- _Brief_
With pictures removed, print the listing exactly.

- _Extracted records_
□ □ □ □
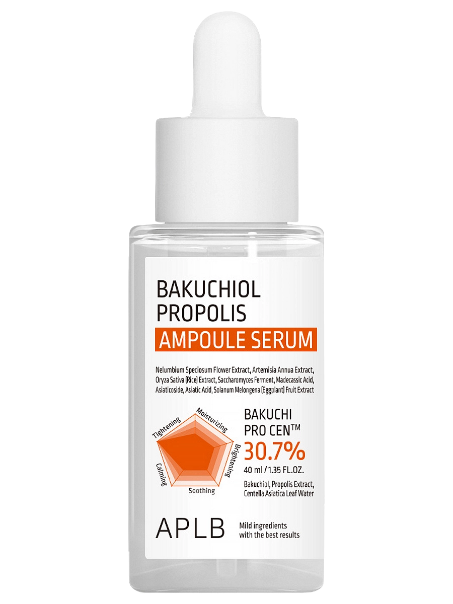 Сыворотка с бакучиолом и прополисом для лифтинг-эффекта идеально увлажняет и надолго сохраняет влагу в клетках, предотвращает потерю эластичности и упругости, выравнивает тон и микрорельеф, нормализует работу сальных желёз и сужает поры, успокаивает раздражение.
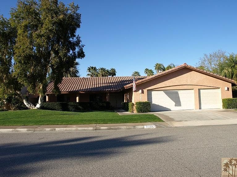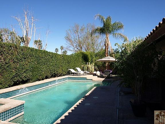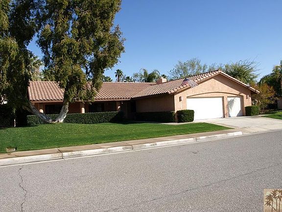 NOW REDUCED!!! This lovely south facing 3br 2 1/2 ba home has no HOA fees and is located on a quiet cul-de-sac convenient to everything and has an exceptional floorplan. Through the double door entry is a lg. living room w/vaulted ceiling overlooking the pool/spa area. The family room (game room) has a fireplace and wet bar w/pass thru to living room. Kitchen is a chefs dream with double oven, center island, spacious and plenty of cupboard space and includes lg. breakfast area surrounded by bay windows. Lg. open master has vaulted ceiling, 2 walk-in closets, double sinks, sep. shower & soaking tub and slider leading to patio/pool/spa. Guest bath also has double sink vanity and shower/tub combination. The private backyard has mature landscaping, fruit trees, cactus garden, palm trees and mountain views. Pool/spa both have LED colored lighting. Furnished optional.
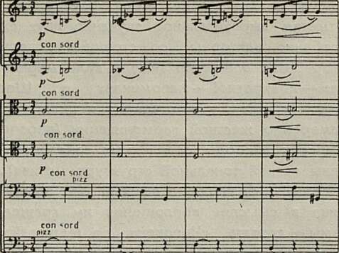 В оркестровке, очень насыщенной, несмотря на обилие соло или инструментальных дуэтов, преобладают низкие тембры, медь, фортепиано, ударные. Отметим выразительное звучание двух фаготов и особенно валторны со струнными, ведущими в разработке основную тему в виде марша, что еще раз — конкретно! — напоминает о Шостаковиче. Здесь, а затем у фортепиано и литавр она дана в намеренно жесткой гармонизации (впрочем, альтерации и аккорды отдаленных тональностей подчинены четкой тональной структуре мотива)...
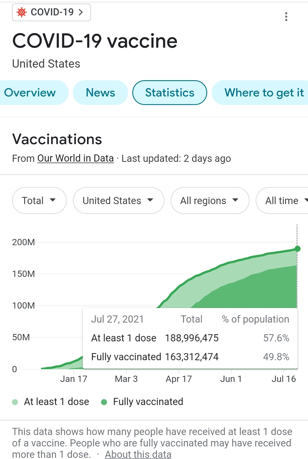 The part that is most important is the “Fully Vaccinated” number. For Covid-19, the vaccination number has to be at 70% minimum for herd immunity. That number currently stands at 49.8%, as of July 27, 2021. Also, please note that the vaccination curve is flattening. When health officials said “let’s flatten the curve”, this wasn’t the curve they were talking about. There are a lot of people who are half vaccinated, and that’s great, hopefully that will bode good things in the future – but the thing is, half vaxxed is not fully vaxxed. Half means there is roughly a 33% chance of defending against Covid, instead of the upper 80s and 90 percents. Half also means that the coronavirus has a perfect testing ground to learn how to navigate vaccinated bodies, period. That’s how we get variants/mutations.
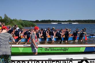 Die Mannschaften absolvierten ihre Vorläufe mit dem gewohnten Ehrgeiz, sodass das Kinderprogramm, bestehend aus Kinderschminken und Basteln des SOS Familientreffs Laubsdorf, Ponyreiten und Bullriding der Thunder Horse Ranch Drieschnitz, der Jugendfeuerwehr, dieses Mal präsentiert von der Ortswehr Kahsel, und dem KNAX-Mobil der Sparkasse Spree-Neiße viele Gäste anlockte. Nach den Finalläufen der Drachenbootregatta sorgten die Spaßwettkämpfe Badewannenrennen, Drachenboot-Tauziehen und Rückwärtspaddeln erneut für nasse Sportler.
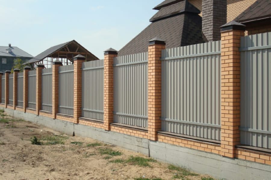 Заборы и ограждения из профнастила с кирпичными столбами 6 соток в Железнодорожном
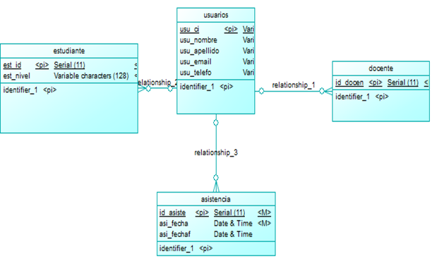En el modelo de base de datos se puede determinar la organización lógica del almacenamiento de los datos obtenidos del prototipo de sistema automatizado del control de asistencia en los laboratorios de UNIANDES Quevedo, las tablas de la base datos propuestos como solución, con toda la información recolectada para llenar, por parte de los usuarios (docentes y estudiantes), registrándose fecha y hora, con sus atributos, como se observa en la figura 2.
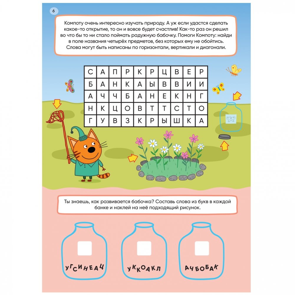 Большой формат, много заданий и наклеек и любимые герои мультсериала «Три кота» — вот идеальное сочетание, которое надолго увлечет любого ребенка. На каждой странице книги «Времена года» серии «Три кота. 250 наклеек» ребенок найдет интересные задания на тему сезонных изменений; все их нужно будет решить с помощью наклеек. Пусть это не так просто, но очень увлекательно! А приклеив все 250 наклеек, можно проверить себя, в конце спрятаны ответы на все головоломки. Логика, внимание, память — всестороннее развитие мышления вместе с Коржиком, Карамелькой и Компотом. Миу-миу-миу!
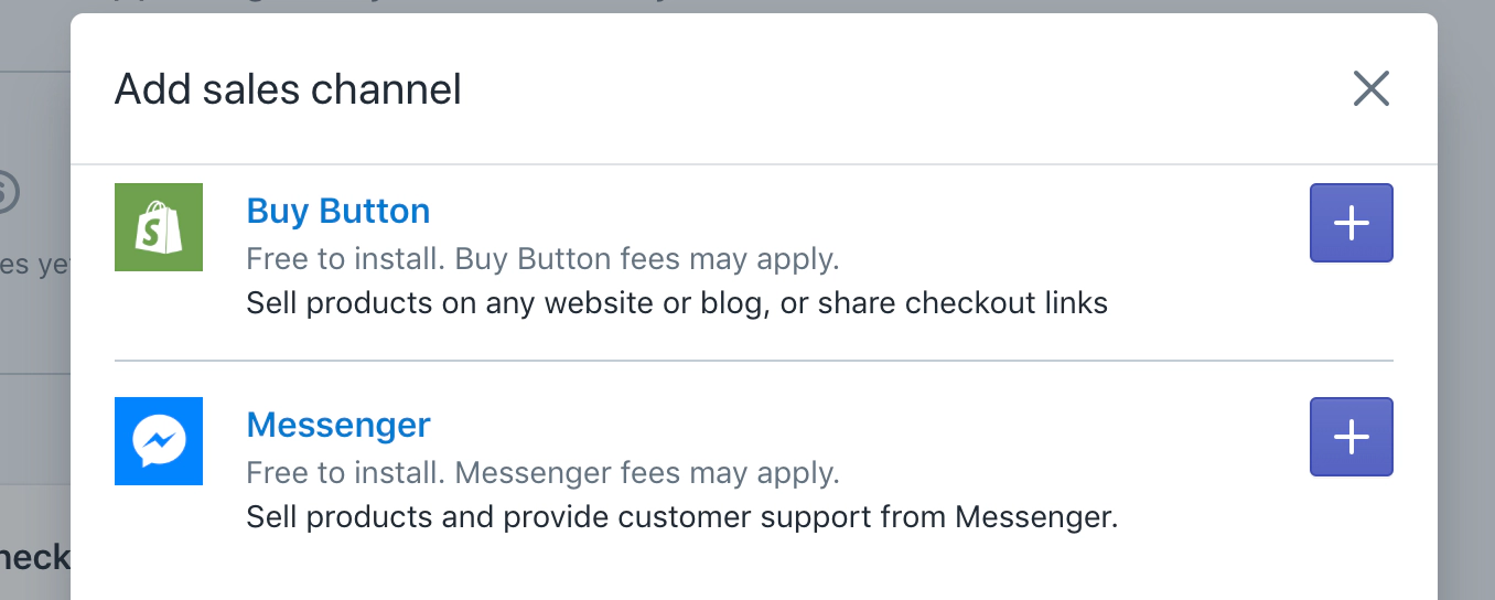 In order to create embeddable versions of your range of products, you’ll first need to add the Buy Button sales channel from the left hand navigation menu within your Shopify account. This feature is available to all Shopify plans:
□ □ □ □
- _Response to this exercise_
 Сыворотка с бакучиолом и прополисом для лифтинг-эффекта идеально увлажняет и надолго сохраняет влагу в клетках, предотвращает потерю эластичности и упругости, выравнивает тон и микрорельеф, нормализует работу сальных желёз и сужает поры, успокаивает раздражение.
 NOW REDUCED!!! This lovely south facing 3br 2 1/2 ba home has no HOA fees and is located on a quiet cul-de-sac convenient to everything and has an exceptional floorplan. Through the double door entry is a lg. living room w/vaulted ceiling overlooking the pool/spa area. The family room (game room) has a fireplace and wet bar w/pass thru to living room. Kitchen is a chefs dream with double oven, center island, spacious and plenty of cupboard space and includes lg. breakfast area surrounded by bay windows. Lg. open master has vaulted ceiling, 2 walk-in closets, double sinks, sep. shower & soaking tub and slider leading to patio/pool/spa. Guest bath also has double sink vanity and shower/tub combination. The private backyard has mature landscaping, fruit trees, cactus garden, palm trees and mountain views. Pool/spa both have LED colored lighting. Furnished optional.
 В оркестровке, очень насыщенной, несмотря на обилие соло или инструментальных дуэтов, преобладают низкие тембры, медь, фортепиано, ударные. Отметим выразительное звучание двух фаготов и особенно валторны со струнными, ведущими в разработке основную тему в виде марша, что еще раз — конкретно! — напоминает о Шостаковиче. Здесь, а затем у фортепиано и литавр она дана в намеренно жесткой гармонизации (впрочем, альтерации и аккорды отдаленных тональностей подчинены четкой тональной структуре мотива)...
 The part that is most important is the “Fully Vaccinated” number. For Covid-19, the vaccination number has to be at 70% minimum for herd immunity. That number currently stands at 49.8%, as of July 27, 2021. Also, please note that the vaccination curve is flattening. When health officials said “let’s flatten the curve”, this wasn’t the curve they were talking about. There are a lot of people who are half vaccinated, and that’s great, hopefully that will bode good things in the future – but the thing is, half vaxxed is not fully vaxxed. Half means there is roughly a 33% chance of defending against Covid, instead of the upper 80s and 90 percents. Half also means that the coronavirus has a perfect testing ground to learn how to navigate vaccinated bodies, period. That’s how we get variants/mutations.
 Die Mannschaften absolvierten ihre Vorläufe mit dem gewohnten Ehrgeiz, sodass das Kinderprogramm, bestehend aus Kinderschminken und Basteln des SOS Familientreffs Laubsdorf, Ponyreiten und Bullriding der Thunder Horse Ranch Drieschnitz, der Jugendfeuerwehr, dieses Mal präsentiert von der Ortswehr Kahsel, und dem KNAX-Mobil der Sparkasse Spree-Neiße viele Gäste anlockte. Nach den Finalläufen der Drachenbootregatta sorgten die Spaßwettkämpfe Badewannenrennen, Drachenboot-Tauziehen und Rückwärtspaddeln erneut für nasse Sportler.
 Заборы и ограждения из профнастила с кирпичными столбами 6 соток в Железнодорожном
En el modelo de base de datos se puede determinar la organización lógica del almacenamiento de los datos obtenidos del prototipo de sistema automatizado del control de asistencia en los laboratorios de UNIANDES Quevedo, las tablas de la base datos propuestos como solución, con toda la información recolectada para llenar, por parte de los usuarios (docentes y estudiantes), registrándose fecha y hora, con sus atributos, como se observa en la figura 2.
 Большой формат, много заданий и наклеек и любимые герои мультсериала «Три кота» — вот идеальное сочетание, которое надолго увлечет любого ребенка. На каждой странице книги «Времена года» серии «Три кота. 250 наклеек» ребенок найдет интересные задания на тему сезонных изменений; все их нужно будет решить с помощью наклеек. Пусть это не так просто, но очень увлекательно! А приклеив все 250 наклеек, можно проверить себя, в конце спрятаны ответы на все головоломки. Логика, внимание, память — всестороннее развитие мышления вместе с Коржиком, Карамелькой и Компотом. Миу-миу-миу!
 In order to create embeddable versions of your range of products, you’ll first need to add the Buy Button sales channel from the left hand navigation menu within your Shopify account. This feature is available to all Shopify plans:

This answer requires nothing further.